Об этом Закомарный знать не мог, но выяснилось, что и этот период биографии ему известен, как и многое другое. И тогда у Ярослава закралось подозрение, что новый сосед специально интересовался его судьбой.
– А хочешь, самолет тебе подарю? – вдруг спросил Закомарный, когда уже выпил бутылку коньяка. – Ты мне портреты, я тебе – самолет? Можешь принять такой подарок?
– Не могу, – отрезал Ярослав. – Я что тебе, женщина, чтоб подарки принимать?
– Да ладно, хочется ведь! Соглашайся, пока добрый!
– Не хочу летать, хочу по земле ходить…
– Ладно тебе, не хочет он! Жалко свои картины? Для соседа пожалел?

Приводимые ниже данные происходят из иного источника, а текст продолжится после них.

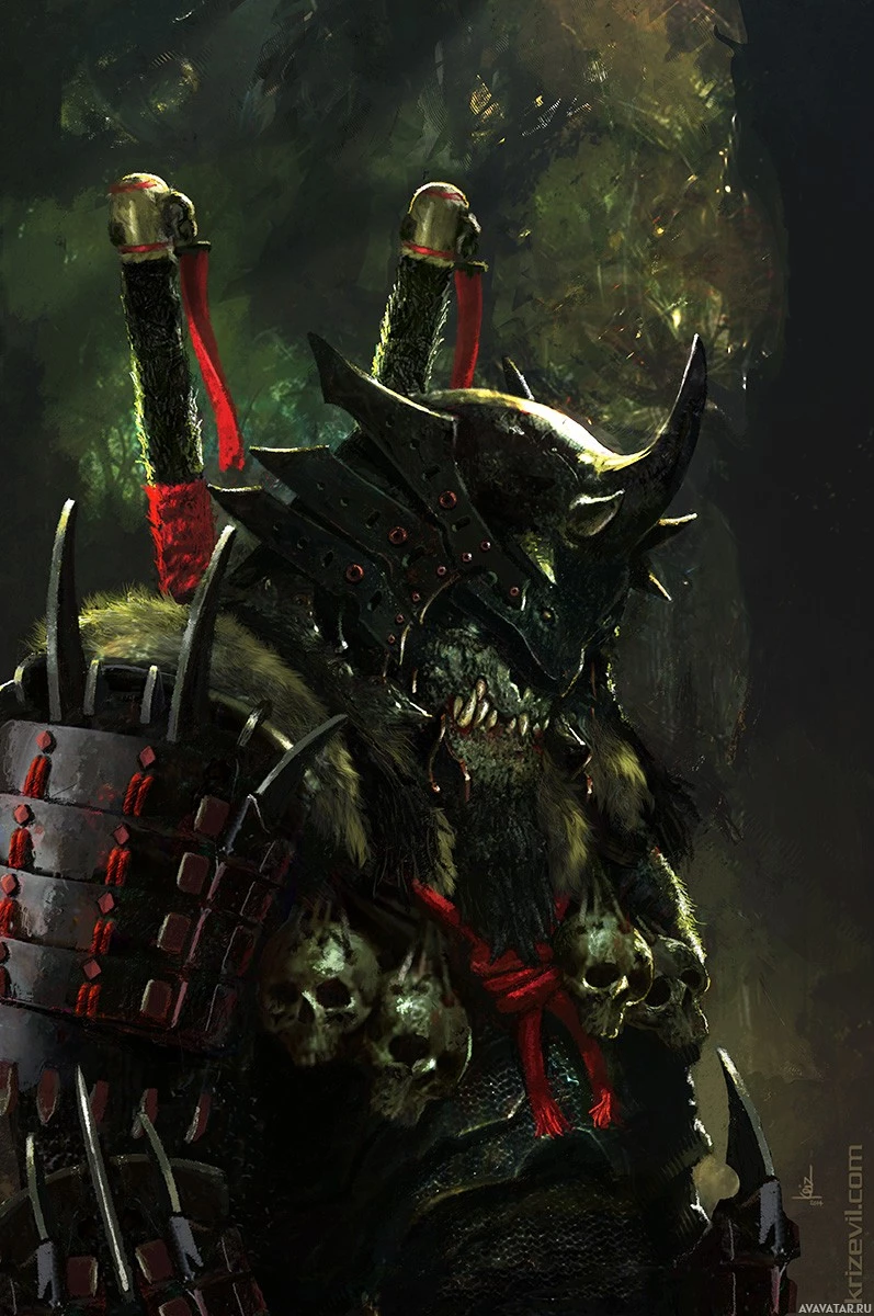 a fantasy creature that resembles an orc, which is a common term for a fictional race in various media, often associated with dark fantasy genres. This particular depiction showcases the creature with a menacing appearance, featuring

– Овидий, ты широкий мужик, но на сегодня я прием закончил, – разозлился Ярослав. – Честь имею! Будь здоров!
– Это что, нас выставляют? – спросил у телохранителей Закомарный. – Мы со всей душой, а нас – за порог?
Те молчали, бдительно наблюдая за всеми передвижениями вокруг стола на траве.
– Ладно, выставляют – поедем! – вдруг согласился он. – А ты молодец, боярин! Ну, давай. Давай!.. Только картины я все равно у тебя возьму. Куплю, украду или сам подаришь. Но ради Бога, послушай меня: не показывай их никому, понял? Ни под каким предлогом! Ни одной картинки! Ни одного портретика!
– Это иконы! – разозлился Ярослав. – Ты что, разницы не видишь?
– Нет, брат, это не иконы… Картины это, портреты. Овидий Сергеевич включил душ, еще раз всполоснул голову и напился.
– Почему ваши люди Воруют воду? – вслед спросил Ярослав. – Если вам нужно, приходите и берите в открытую. Только не воруйте!
Это было как пинок под зад.
Закомарный поклонился на первой ступеньке лестницы.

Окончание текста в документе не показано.